-- EXERCISE DATA follows --

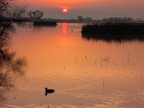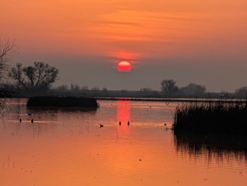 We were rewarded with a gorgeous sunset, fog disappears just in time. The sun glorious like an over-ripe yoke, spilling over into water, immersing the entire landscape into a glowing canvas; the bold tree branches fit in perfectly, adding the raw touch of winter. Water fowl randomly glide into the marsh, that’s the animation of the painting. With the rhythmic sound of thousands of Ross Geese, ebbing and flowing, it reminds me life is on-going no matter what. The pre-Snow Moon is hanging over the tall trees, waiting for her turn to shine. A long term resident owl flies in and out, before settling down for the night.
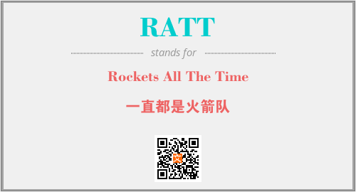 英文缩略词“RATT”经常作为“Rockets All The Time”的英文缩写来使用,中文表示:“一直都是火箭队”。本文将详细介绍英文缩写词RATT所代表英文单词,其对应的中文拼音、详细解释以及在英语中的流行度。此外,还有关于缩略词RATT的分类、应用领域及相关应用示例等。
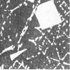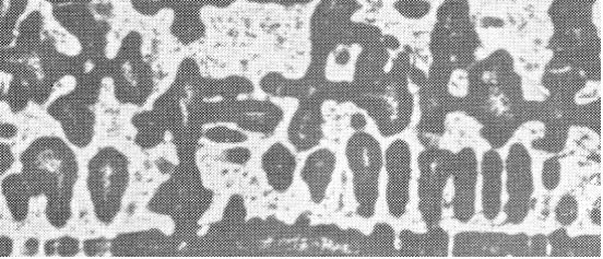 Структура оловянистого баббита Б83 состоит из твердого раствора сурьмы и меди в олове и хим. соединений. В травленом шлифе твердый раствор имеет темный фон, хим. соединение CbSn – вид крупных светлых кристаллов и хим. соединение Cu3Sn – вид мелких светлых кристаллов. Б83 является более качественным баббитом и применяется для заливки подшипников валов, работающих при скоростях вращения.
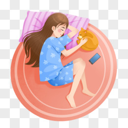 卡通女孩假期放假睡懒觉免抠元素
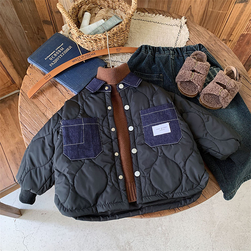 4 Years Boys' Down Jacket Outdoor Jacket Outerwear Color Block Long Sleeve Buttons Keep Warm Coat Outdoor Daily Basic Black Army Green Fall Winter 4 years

-- EXERCISE DATA concluded --
-- EXERCISE DATA follows --

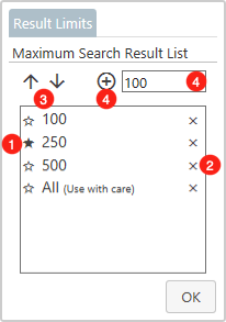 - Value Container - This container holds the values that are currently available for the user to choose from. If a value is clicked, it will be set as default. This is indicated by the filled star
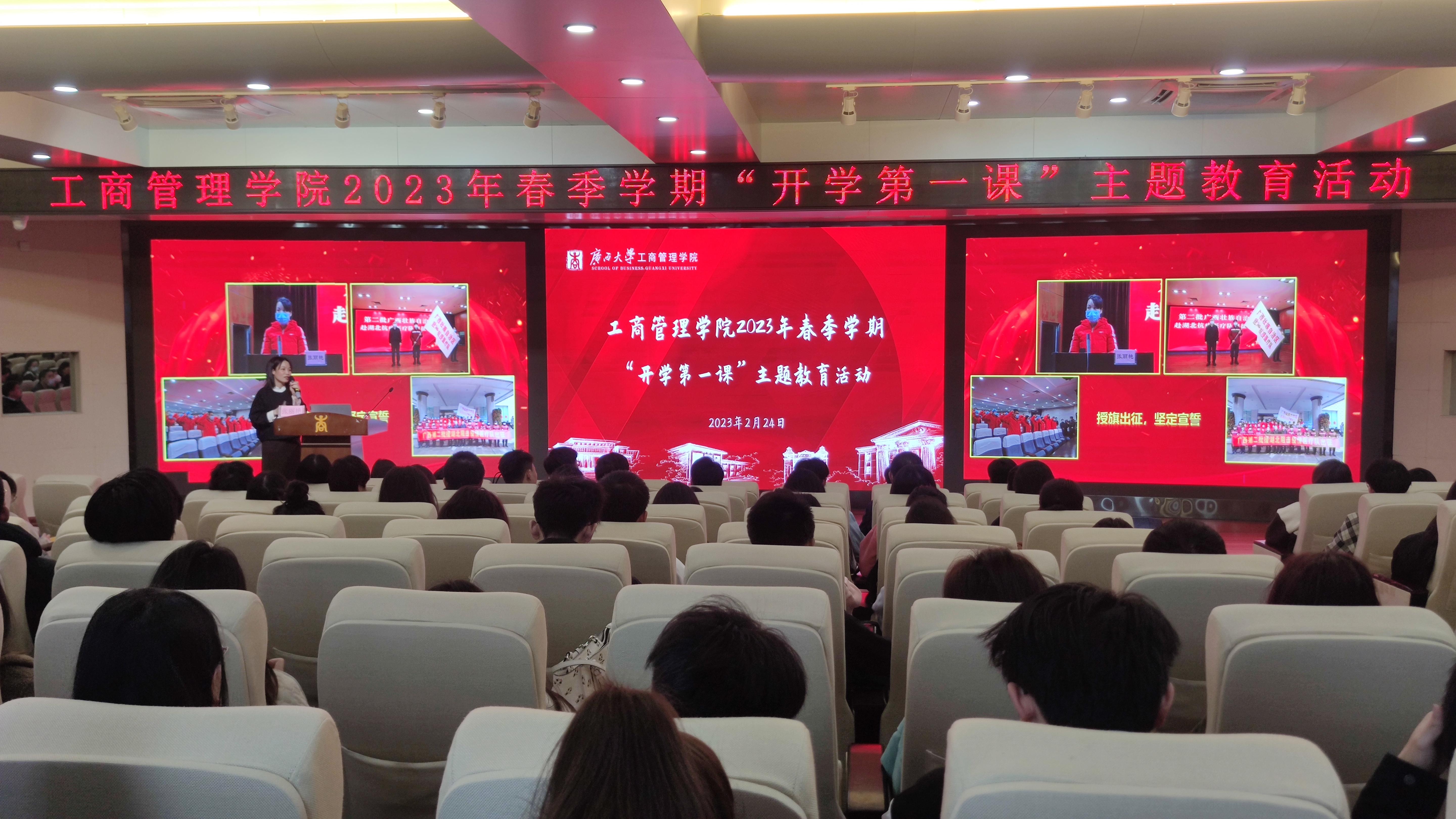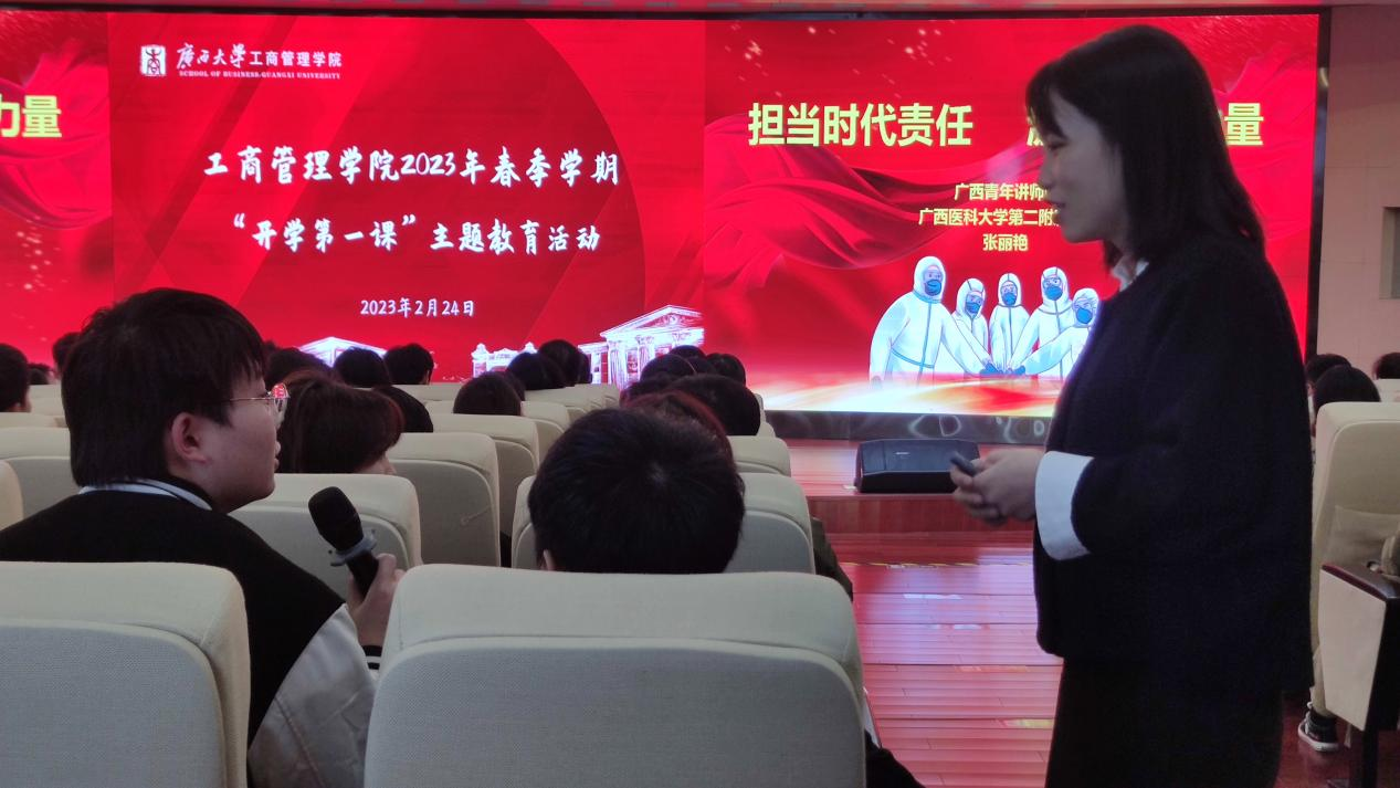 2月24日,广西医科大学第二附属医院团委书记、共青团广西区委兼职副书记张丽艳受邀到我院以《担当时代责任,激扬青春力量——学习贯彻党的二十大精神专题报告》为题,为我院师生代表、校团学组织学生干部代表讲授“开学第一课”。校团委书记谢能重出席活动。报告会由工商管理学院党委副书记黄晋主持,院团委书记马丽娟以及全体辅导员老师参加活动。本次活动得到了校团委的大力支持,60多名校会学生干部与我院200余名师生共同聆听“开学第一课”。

-- EXERCISE DATA concluded --
-- EXERCISE DATA follows --

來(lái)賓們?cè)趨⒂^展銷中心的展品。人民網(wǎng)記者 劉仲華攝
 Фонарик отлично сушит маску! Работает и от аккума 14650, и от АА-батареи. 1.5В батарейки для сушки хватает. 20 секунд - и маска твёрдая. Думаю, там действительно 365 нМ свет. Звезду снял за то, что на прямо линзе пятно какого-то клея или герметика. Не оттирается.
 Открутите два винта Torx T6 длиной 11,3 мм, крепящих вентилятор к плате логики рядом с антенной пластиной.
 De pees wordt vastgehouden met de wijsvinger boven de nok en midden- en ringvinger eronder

-- EXERCISE DATA concluded --

**REQUIRED WORK:** Within the material above, find the part that opens with the line containing "卡通女孩假期放假睡懒觉免抠元素" and closes with the line containing "4 Years Boys'", and reproduce it exactly without the pictures.

**WRITTEN REPLY:**
 卡通女孩假期放假睡懒觉免抠元素
 4 Years Boys' Down Jacket Outdoor Jacket Outerwear Color Block Long Sleeve Buttons Keep Warm Coat Outdoor Daily Basic Black Army Green Fall Winter 4 years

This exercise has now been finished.